I would still invite them, but I would make it very clear that you’ll understand completely if they can’t make it – if it is genuinely a financial hardship for them, they shouldn’t feel obligated to attend.
Post # 6
We had a really similar situation with DH uncles and aunts. His mother was behind a lot of it, but his entire family was annoyed that we were getting married in our state and that they would have to travel in if they wanted to attend, they weren’t the only ones having to travel either, but they thought they were the only ones who mattered, we researched and found the cheapest hotels and it still wasn’t good enough. They ended up saying they were coming but when invites went out none of them sent back the RSVP’s, so we had to chase them and all said and done they said it was too far, all 8 of them live all over the place too ( whatever) but it didn’t stop one of the uncles from driving 7 hours to just show up unannouced with his children to our RD . Some people are just crazy and want to start problems. I say just go and invite them and ignore their BS, because all said and done, if they are having such an issue about it now then they probably won’t come, and that will be a blessing for you.
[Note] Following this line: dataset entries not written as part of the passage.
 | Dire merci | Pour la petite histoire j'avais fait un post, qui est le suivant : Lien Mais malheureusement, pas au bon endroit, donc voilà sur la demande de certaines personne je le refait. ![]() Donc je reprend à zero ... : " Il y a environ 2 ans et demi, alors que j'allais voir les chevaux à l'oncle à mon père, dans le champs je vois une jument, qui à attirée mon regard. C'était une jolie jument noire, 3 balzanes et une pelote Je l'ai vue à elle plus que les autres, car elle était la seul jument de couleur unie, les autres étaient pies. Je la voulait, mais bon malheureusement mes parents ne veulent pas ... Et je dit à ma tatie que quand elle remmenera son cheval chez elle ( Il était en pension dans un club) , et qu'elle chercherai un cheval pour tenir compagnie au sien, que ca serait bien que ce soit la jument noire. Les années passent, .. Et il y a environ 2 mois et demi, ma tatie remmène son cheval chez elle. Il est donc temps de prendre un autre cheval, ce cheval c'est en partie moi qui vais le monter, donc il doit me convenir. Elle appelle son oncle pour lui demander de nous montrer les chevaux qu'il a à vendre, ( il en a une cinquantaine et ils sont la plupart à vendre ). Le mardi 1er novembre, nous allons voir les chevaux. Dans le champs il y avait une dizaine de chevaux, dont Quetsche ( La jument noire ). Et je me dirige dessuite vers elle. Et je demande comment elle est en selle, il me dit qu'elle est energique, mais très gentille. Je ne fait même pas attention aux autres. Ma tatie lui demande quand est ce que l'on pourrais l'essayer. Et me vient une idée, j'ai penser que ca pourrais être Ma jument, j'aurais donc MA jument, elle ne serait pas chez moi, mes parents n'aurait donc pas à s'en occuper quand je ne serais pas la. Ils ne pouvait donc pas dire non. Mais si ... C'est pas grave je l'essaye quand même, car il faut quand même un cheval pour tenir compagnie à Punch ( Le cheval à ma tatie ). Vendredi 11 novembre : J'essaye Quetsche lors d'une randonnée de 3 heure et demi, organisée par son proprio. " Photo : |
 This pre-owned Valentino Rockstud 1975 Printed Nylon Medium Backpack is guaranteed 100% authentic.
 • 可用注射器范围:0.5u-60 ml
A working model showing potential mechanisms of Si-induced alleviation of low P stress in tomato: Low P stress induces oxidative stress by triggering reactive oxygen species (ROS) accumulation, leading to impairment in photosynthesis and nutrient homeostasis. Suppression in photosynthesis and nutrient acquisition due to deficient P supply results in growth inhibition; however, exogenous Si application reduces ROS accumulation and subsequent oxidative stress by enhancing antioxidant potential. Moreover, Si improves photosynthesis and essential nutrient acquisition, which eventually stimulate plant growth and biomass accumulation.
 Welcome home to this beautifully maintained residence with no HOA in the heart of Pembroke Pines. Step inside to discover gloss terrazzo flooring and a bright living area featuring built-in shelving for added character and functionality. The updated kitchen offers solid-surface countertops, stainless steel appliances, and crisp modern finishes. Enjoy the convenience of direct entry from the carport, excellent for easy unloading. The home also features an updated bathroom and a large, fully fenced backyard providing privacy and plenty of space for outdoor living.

I would also stop trying to help them with their travel if they are going to be ungrateful and catty towards you and your FI.
Post # 7
they’re family, so you should still invite them. just ignore whatever they say about the wedding, and ask your mom or someone to field all of their questions. if travelling to NY is as much a problem as they’re letting on, they won’t go. it sounds like they just want to complain though, so try to pass them on to someone else to listen to it!
Post # 8
@youhavemyheart:I am considering a destination wedding because I do not want 2 of my uncles to come. Both of them are broke, abuse alcohol and they would complain about how lavish my lifestyle is and how I should do more for them (we are not rich, I consider myself middle class-upper middle class). So, to avoid hearing their stupid comments I will have a wedding full of friends and family that are suppotive and normal. I would advise you to do what makes you happy. If they are full of complaints and drama, leave them at the house! You won’t regret it.
Post # 9
Seriously, they’re not entitled to any bending from you. If it’s too far for them to travel, then they can stay home. Period. I think you should invite them, but if they complain again after being invited just tell them you’re not discussing it anymore and leave the room.
Post # 10
I did not invite one of my cousins because he is back with his crazy ex-wife. She has caused all kinds of problems in the family in the past and no one could believe that he was taking her back. I explained to my Aunt that her and her other 3 children would be invited but due to past issues I wasn’t inviting my other cousin. It was no biggie.
Now I also didn’t invite one of my Aunts. I invited her ex-husband, my Uncle, because we are much closer, needless to say, there was some backlash and some negative FB chatter between family members. I however just stuck to the thought process that it was my day and I wanted the people that I loved the most there with me. It’s all good now and it blew over quickly.
Post # 11
I agree with other bees in that if you’ve already talked to them about the wedding, send out an invite and see what the RSVPs are.
However, I would be frank and upfront with them the next time they start this line of snarky questioning, telling them that x is the location for xyz reasons, there’s no negotiation on it, and if it’s too much of a burden then you’re sure to miss them at the wedding. They’re adults, they should grow up. My father’s not invited to my wedding. I’ve emailed a few of his sisters/brothers letting them know that I’d like them there, but if it’s too awkward of a situation for them (not being able to share the details with him as he is NOT to show up with one of them) then I entirely understand them not coming. Put the ball in their court and then they can make their decision and live with it.